Verify my proof: "for all odd integers $a$ and $b$, $b^2-a^2 \neq 4$"

Question

I'm learning math without a math professor. I need some feedback from community regarding my proof. The book is : "Discrete Mathematics with Applications" by Susanna S. Epp, 5th edition. Exercise 16 from page 226. Please verify my proof.

Prove the following statement: "for all odd integers $a$ and $b$, $b^2-a^2 \neq 4$"

Proof. Let's prove by contradiction. Let say there are two integers $a$ and $b$ and $b^2-a^2 = 4$. Because $a$ and $b$ are odd integers, then $a=2n+1$ and $b=2k+1$, where $n \in Z$ and $k \in Z$. Now let's perform the following computations:

$b^2 - a^2 = (2k+1)^2 - (2n+1)^2 = 4k^2 + 4k + 1 - 4n^2 - 4n - 1 = 4(k^2 + k - n^2 - n) = 4(k^2 - n^2 + k - n) = 4[(k+n)(k-n)+(k-n)] = 4(k-n)(k+n+1) $

So, in order for the expression $b^2 - a^2 = 4(k-n)(k+n+1) $ to be true, $(k-n)(k+n+1)$ must be equal to 1 or -1. Then $k-n = 1$ and $k+n+1 = 1$ or $k-n = -1$ and $k+n+1 = -1$, because both of expressions should be equal to one (or minus one), we have :

$k-n = k+n+1 \implies -n = n + 1 \implies -n-n = 1 \implies -2n = 1 \implies n = -\frac{1}{2} $, so $n$ is not an integer $\blacksquare$

Answer 1

I'm merely critiquing your presentation.

Prove the following statement: "for all odd integers $a$ and $b$, $b^2-a^2 \neq 4$"

Proof. Let's prove by contradiction. Let say there are two integers $a$ and $b$ and $b^2-a^2 = 4$. Because $a$ and $b$ are odd integers, then $a=2n+1$ and $b=2k+1$, where $n \in Z$ and $k \in Z$.

I suggest replacing the "where $n\in\mathbb Z$" with "for some $n\in\mathbb Z$" (as opposed to "for all $n\in\mathbb Z$"), so that it is immediately clear that you are not referring to an arbitrary $n$ (consequently, an arbitrary odd integer).

Now let's perform the following computations: $b^2 - a^2 = (2k+1)^2 - (2n+1)^2 = 4k^2 + 4k + 1 - 4n^2 - 4n - 1 = 4(k^2 + k - n^2 - n) = 4(k^2 - n^2 + k - n) = 4[(k+n)(k-n)+(k-n)] = 4(k-n)(k+n+1) $

So, in order for the expression $b^2 - a^2 = 4(k-n)(k+n+1) $ to be true,

This sentence is confusing: you've already, by assumption, shown it to be true. What you mean is instead something like "Equating both expressions for $b^2-a^2,$ we have that $4(k-n)(k+n+1)=4.$"

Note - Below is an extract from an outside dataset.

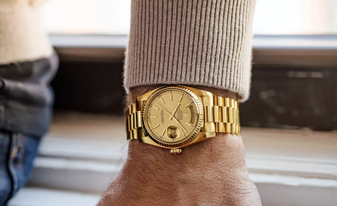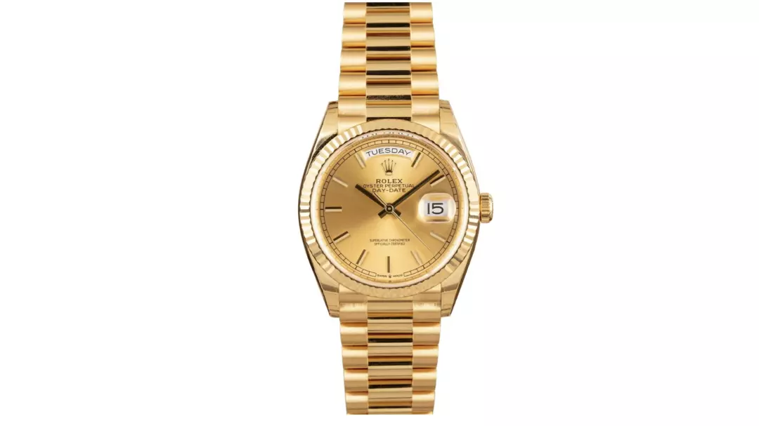 从一开始,Day-Date就只用最好的贵金属锻造,没有钢表款,标志三角坑纹外圈均以18K黄金、白色黄金或永恒玫瑰金铸造。外圈可选择镶钻或密镶钻石款式。像Datejust一样,这里可能的表盘、金属、手链和边框组合非常多,但所有的组合都非常贵气,是美国黑人说唱歌手的最爱。

$(k-n)(k+n+1)$ must be equal to 1 or -1. Then $k-n = 1$ and $k+n+1 = 1$ or $k-n = -1$ and $k+n+1 = -1$, because both of expressions should be equal to one (or minus one), we have :

$k-n = k+n+1 \implies -n = n + 1 \implies -n-n = 1 \implies -2n = 1 \implies n = -\frac{1}{2} $, so $n$ is not an integer. $\blacksquare$

This is slightly confusing. If I'm merely skimming or if your text is dense, then it is not immediately clear that you are even asserting that $k-n = k+n+1$ (the leftmost antecedent) is true; in other words, it is not immediately clear whether you have actually derived that conclusion $n=-\frac12$ or whether it is provisional on that leftmost antecedent being true. I suggest using words like "so", "thus", "therefore" and "hence" instead, and reserving ⟹ for when you are merely asserting a conditional/implication.